La oposición a las dictaduras

Cuba, Nicaragua y Venezuela representan la peor tipología del declive democrático y el más miserable estilo de cómo eliminar el espíritu cívico de los ciudadanos. En las tres dictaduras no existen mecanismos reales de representación plural. 

La Constitución cubana estipula un sistema de partido único, por lo que la oposición política formal no cuenta con garantías ni personería  jurídica. El Estado etiqueta a los disidentes como agentes extranjeros o contrarrevolucionarios. No existen canales institucionales regulares ni medios de comunicación independientes.

Por lo anterior, la oposición debe recurrir a “estrategias de lucha” que se asocian a la “acción no violenta”, que es una acción cívica donde la disidencia promueve la resistencia pacífica, el periodismo ciudadano y la defensa de los derechos humanos. Siempre, con el riesgo inminente de la cárcel, la tortura y, por supuesto, la muerte.

En un campo minado, lleno de pozos envenenados, el movimiento opositor carece de una estructura centralizada unificada, dividiéndose en múltiples plataformas, organizaciones civiles, proyectos artísticos independientes y, más recientemente, nuevos liderazgos digitales. 

La oposición en Venezuela es un movimiento diverso y heterogéneo, al que aún se le conoce como “antichavismo”, aunque esa etiqueta ya no sea suficiente para enfrentar los nuevos retos del país después de la captura de Maduro y su esposa. 

Mención especial merece la premio Nobel de la Paz María Corina Machado, quien con su determinación y valentía se ha ganado ya un reconocimiento que no tiene disputa.

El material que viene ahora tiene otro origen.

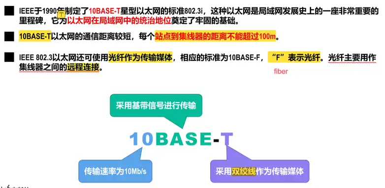 IEEE 802.3以太网还可使用光纤作为传输媒体,相应的标准为10BASE-F,“F”表示光纤。光纤主要用作集线器之间的远程连接。
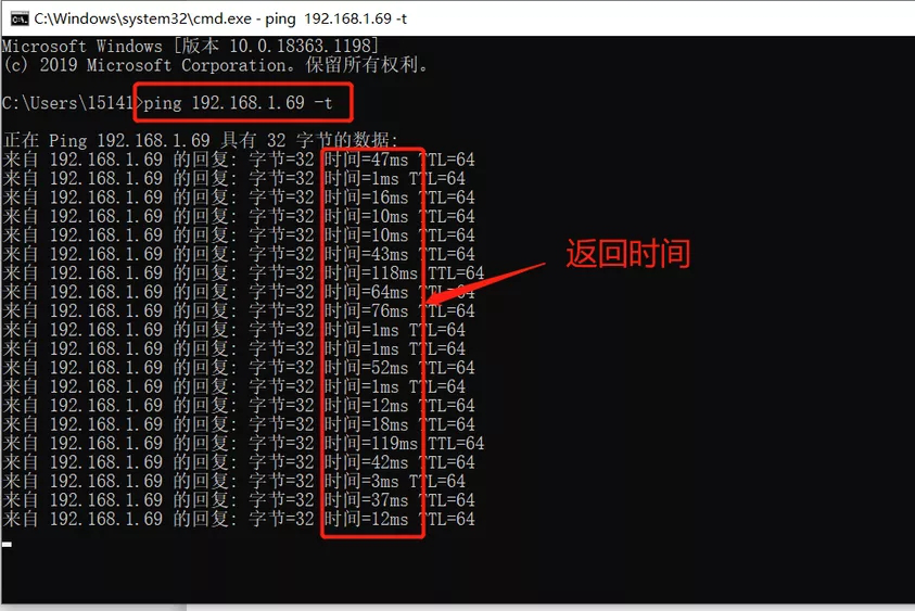 判断的方法为:电脑上打开开始菜单→运行→输入“cmd”回车→输入ping +“设备的IP地址” -t 回车,返回时间都在200ms以内为正常数值。其余显示为网络连接有问题。
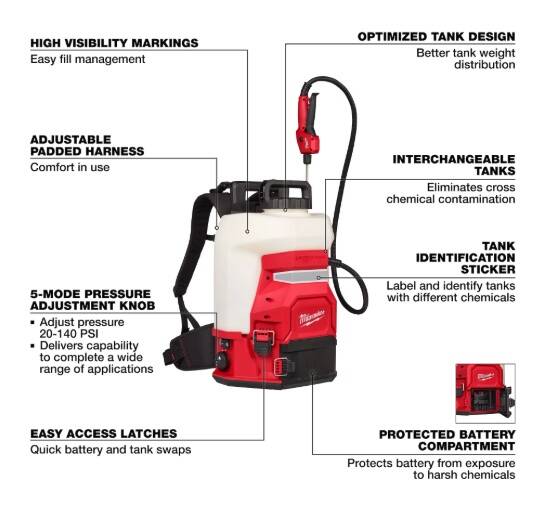 Our M18™ 4-Gallon Backpack Sprayer w/ SWITCH TANK™ delivers the industry's best pressure control with no manual pumping and an interchangeable tank design. Designed to meet the needs of professional landscape maintenance, the battery-powered backpack sprayer provides instant, constant, and adjustable pressure up to 140 PSI and a 24 ft vertical spray distance. The 5-mode flow rate knob adjusts the flow by 0.1 – 0.52 GPM, giving you the capability to complete a wide range of applications. The 4-Gallon Sprayer Tank Assembly features a dual diaphragm pump for longer pump life and Viton® seals for increased durability against harsh chemicals. The sprayer tank has an optimized design for better weight distribution, a wide mouth opening for easier pouring, and a strainer that filters debris from getting into the tank. The backpack frame includes padded straps, lumbar support, and a hip belt, giving you added comfort during extended spraying applications. The 4-Gallon Sprayer is made up of two components – the M18™ Powered Base and the 4-Gallon Sprayer Tank Assembly. The Powered Base includes the motor, battery compartment, and REDLINK™ electronics, while the interchangeable Tank Assembly includes the pump, hose, and wand. The isolated pump, hose, and wand design allows you to add on tank assemblies for different spraying applications, eliminating cross-chemical contamination.
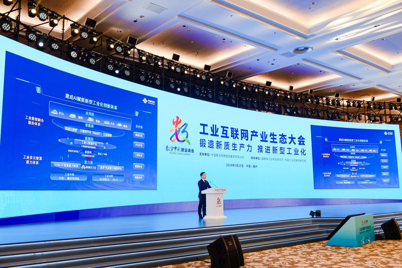 5月25日,第七届数字中国建设峰会工业互联网产业生态大会在福建省福州市成功举办。论坛由中国联通主办,福建省工业和信息化厅、中国工业互联网研究院协办。第十二届全国政协副主席、国家电子政务专家委员会主任王钦敏,国家数据局局长刘烈宏,中国联通总经理简勤,福建省委常委、福州市委书记郭宁宁出席并致辞。中国联通副总经理唐永博出席并发布中国联通AI赋能新型工业化生态共创计划。
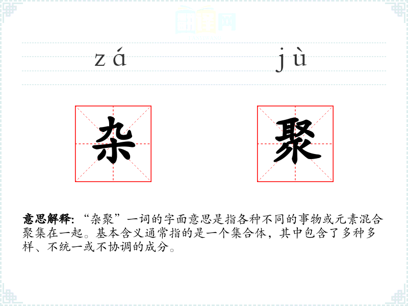 “杂聚”一词的字面意思是指各种不同的事物或元素混合聚集在一起。基本含义通常指的是一个集合体,其中包含了多种多样、不统一或不协调的成分。
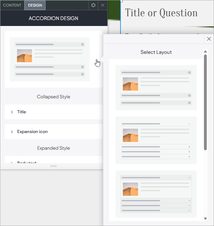 - The design editing menu lets you control the layout and styling of the accordion widget.

En las pasadas elecciones presidenciales, se debatió entre la vía electoral (participar en comicios, a pesar de las condiciones adversas) y la vía de presión/abstención. Al final, la dictadura reiteró la receta y el fraude electoral se repitió como ya había sucedido tantas veces.

Con sus virtudes y defectos, la oposición venezolana ha buscado cohesionarse mediante plataformas conjuntas para evitar la fragmentación del voto opositor frente al oficialismo. Debe reconocerse que en las peores condiciones de represión e inhabilitaciones políticas se ha mantenido la protesta social y ciudadana.

La oposición en Nicaragua se caracteriza por estar fuertemente fragmentada, operar en gran medida desde el exilio debido a la persecución estatal y enfrentar la exclusión sistemática de los procesos electorales. A pesar de esto, mantiene una agenda centrada en la presión internacional y la restauración democrática. 

Pese a la imposibilidad de operar dentro de territorio nicaragüense, sobreviven múltiples organizaciones, plataformas y liderazgos dispersos en el exterior. Aunque la falta de una estructura unificada resta peso a sus negociaciones frente al oficialismo, lo que genera desconfianza interna y disputas sobre el camino a la estrategia a seguir en el futuro.

Como lo recordó cínicamente Ortega hace unas semanas, ser opositor en Nicaragua es equivalente a ser “traidor a la patria”. Las reformas legales que vienen buscan inhabilitar cualquier tipo de disenso e impedir su participación electoral.

BALANCE

Sin oposición no existe democracia. La oposición política y partidaria es un elemento fundacional de la democracia liberal. Su existencia garantiza control y la fiscalización del gobierno en turno evita los abusos de autoridad, da voz a las minorías y ofrece a la ciudadanía la posibilidad de la alternancia.

Los gobiernos autoritarios y las dictaduras proscriben la existencia de opositores porque detestan la vigilancia en el uso de los recursos públicos, los contratos y las decisiones del gobierno. Por ello, seguir denunciando no sólo a las dictaduras, sino también a sus aprendices, sigue siendo un deber cívico para cualquier demócrata.